あの頃、レモンハートで BARで飲みたい31の名酒 古谷三敏・古谷陸

●あの頃、レモンハートで BARで飲みたい31の名酒 古谷三敏・古谷陸

 漫画「BARレモンハート」の作者である古谷三敏氏が、31種類のお酒をイラスト付きで紹介、そのお酒にまつわるエピソードを書く。氏の孫である古谷陸氏によるワンポイント解説も。エピソードにまつわる漫画「BARレモンハート」も3編含まれている。

 

 正月にBSフジでドラマ「BARレモンハート」の最新作が放映された。これまで放送された全作品を見ているが、見終わった後に本作があることを知り、早速読んでみた。

 古谷氏がお酒(カクテルなども含む)を紹介しつつ、その酒にまつわるエピソードを披露する形をとっているエッセイ集。

 酒を探して旅した話、満州での少年時代、手塚治虫赤塚不二夫のアシスタント時代、同世代の漫画家たちとの思い出、漫画と同名の店「BARレモンハート」のこと、などエピソードの種類は豊富で面白い話も多い。

 驚いたのは、赤塚不二夫のアシスタント時代に、天才バカボンのギャグを古谷氏が考えていたというエピソード。漫画「BARレモンハート」は相当読んだが、その中のギャグは正直あまり笑えないものも多い(笑 しかしよく考えてみれば「ダメおやじ」の著者でもある古谷氏なのだから、ギャグセンスがあって当たり前なのかも。

 面白かったのは、実際の店「BARレモンハート」にまつわる、あるエピソード。
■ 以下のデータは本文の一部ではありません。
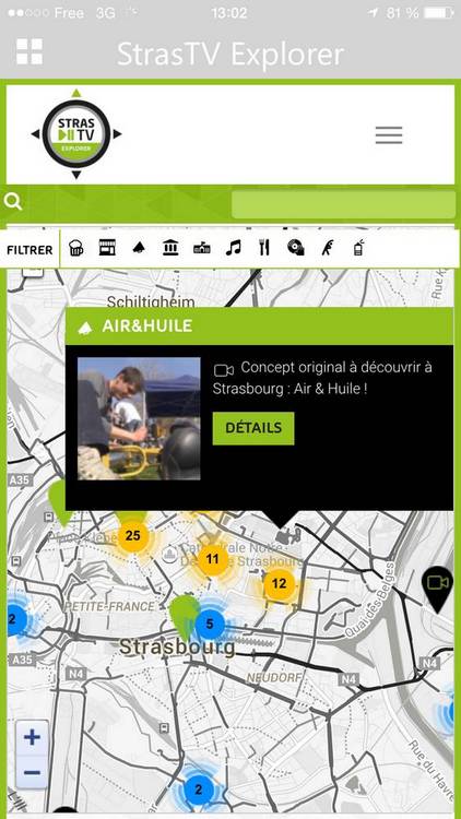 - La fonction StrasTV explorer pas très claire, pas adaptée je trouve aux petits écrans, peut être mieux sur tablettes? (pas testé)

ミントハーブを自家栽培し、それを店に持ち込んでモヒートを作ってもらおうと運んでいた際に警察官に職務質問され、事情を理解してもらうまでにだいぶ時間がかかったとのこと。タチの悪い警官に捕まった話かと思いきや、当日がオウムによるサリンテロ予告の日だったというオチ。忘れつつある重大事件を思い起こさせてくれた。

 

 ドラマ「BARレモンハート」も面白かったが、漫画の方も久しぶりに読みたくなってきた。